# Workshop Plan Needed.



## rizla01 (11 Aug 2007)

Hi All.

O.k. I have built a couple of sheds before but now I am going to build, not ONE but TWO workshops. One for rebuilding a Scimitar SS1 & t'other for woodwork.

They will both be 15ft x 12ft with four courses of bricks at the bottom.

The first will have a 7ft opening front 7ft rear leading into the second (also a 7ft opening) and with a 7ft opening to the right hand side.

They want to look old and have found that I can get tannelised 7in shiplap in brown stain for not much more than plain.

I intend using 4x2 for the uprights set at 24in spacing all round. trouble is what timbers do I need for the roof structure? 6x2's or heavier?

I intend using tiles and the height will be 12ft from ground (minus the brickwork) and the roof about a 45deg pitch.

The span on first shed will be across the 15ft and on the second across the 12 ft.

(They will join later but regs say max can not be more than 5m x 6m without planning approval) :twisted: 

Does anyone know of any plans available for what I want?
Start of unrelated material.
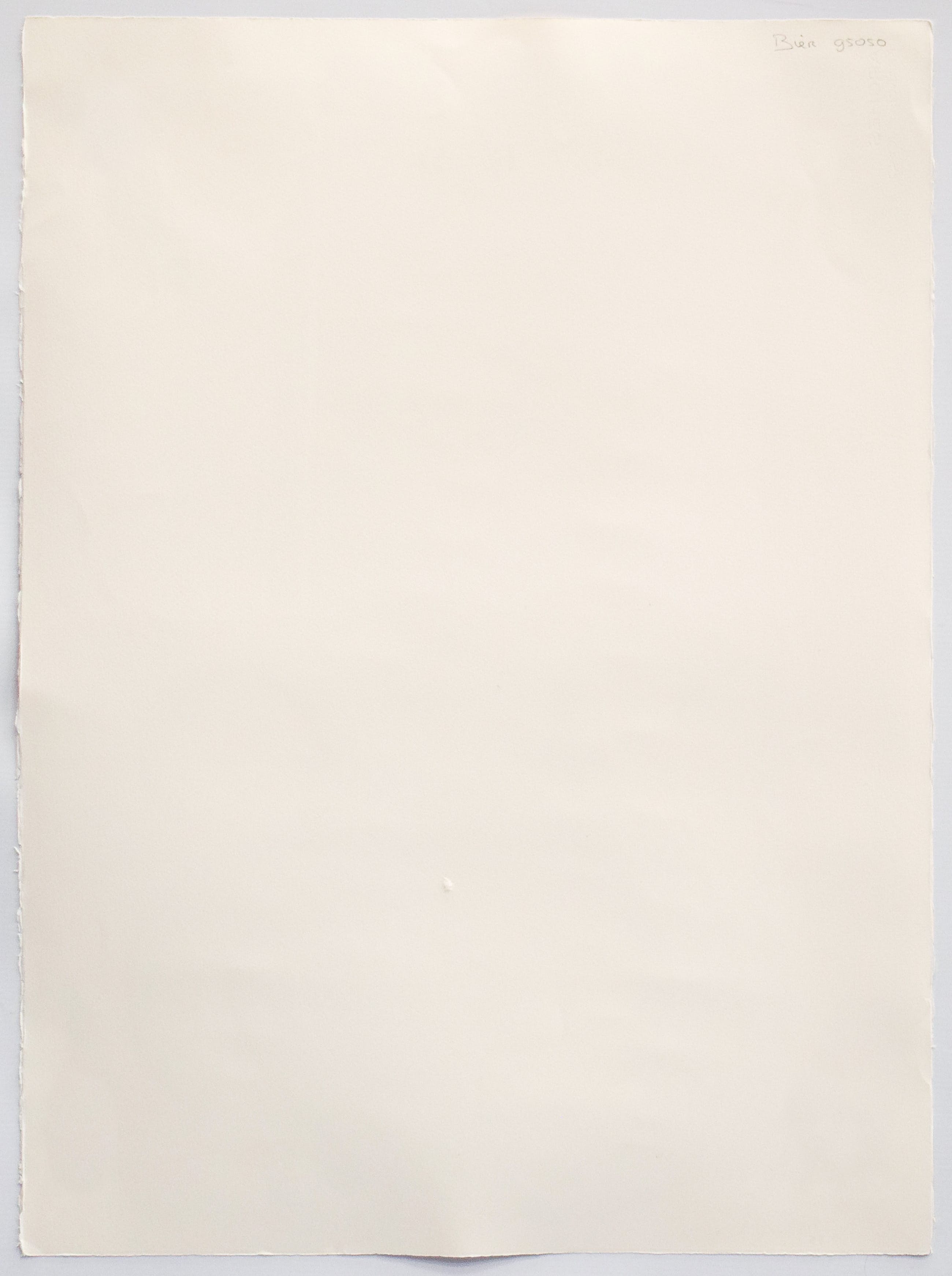 Bierbroodspot loopt altijd blootsvoets, of het nu over de ruige, onaangetaste gronden van archeologische ruïnes is of wanneer ze over de stenen van tempelvloeren loopt. En ze is altijd op blote voeten als ze schildert, binnen of buiten. Dus maakte ze letterlijk los contact met albast, de oude steen bij uitstek voor tempelverhardingen, die zachte, doorschijnende steen met verrassende kleuraders in het hart ervan. Net zoals ze schilderen op onaangeroerd papier of een leeg canvas verafschuwt, maar de witheid ervan altijd wegstrijkt met een toeval van kleur en structuur, zo suggereren de strepen van minerale tonen van Alabaster haar een innerlijke vitaliteit in de steen. Alsof de steen wacht om zijn gezicht te veranderen.

Has anyone built such a beast.

Any suggestions would be greatly appreciated.

Cheers chaps.  

PS I now have a Ryobi 10" slide-saw and need to make it pay for itself so trusses not really an option plus they look so UGLY.

Terry


----------



## NeilO (12 Aug 2007)

Hi Rizla, 
cant help with the plans , but Taunton press have a book available from Axminster..
http://www.axminster.co.uk/product-Taunton-Building-a-Shed-462934.htm

hope it helps


----------



## Adam (13 Aug 2007)

I'd dive intot the projects/workshops section, and go through post by post looking for "workshop build" type ones and get some ideas. You may have to trawl back a long way - but their is plenty of info and pictures - which will help give you a good start.

Adam


----------



## rizla01 (14 Aug 2007)

Thanks for the replies so far, chaps.


----------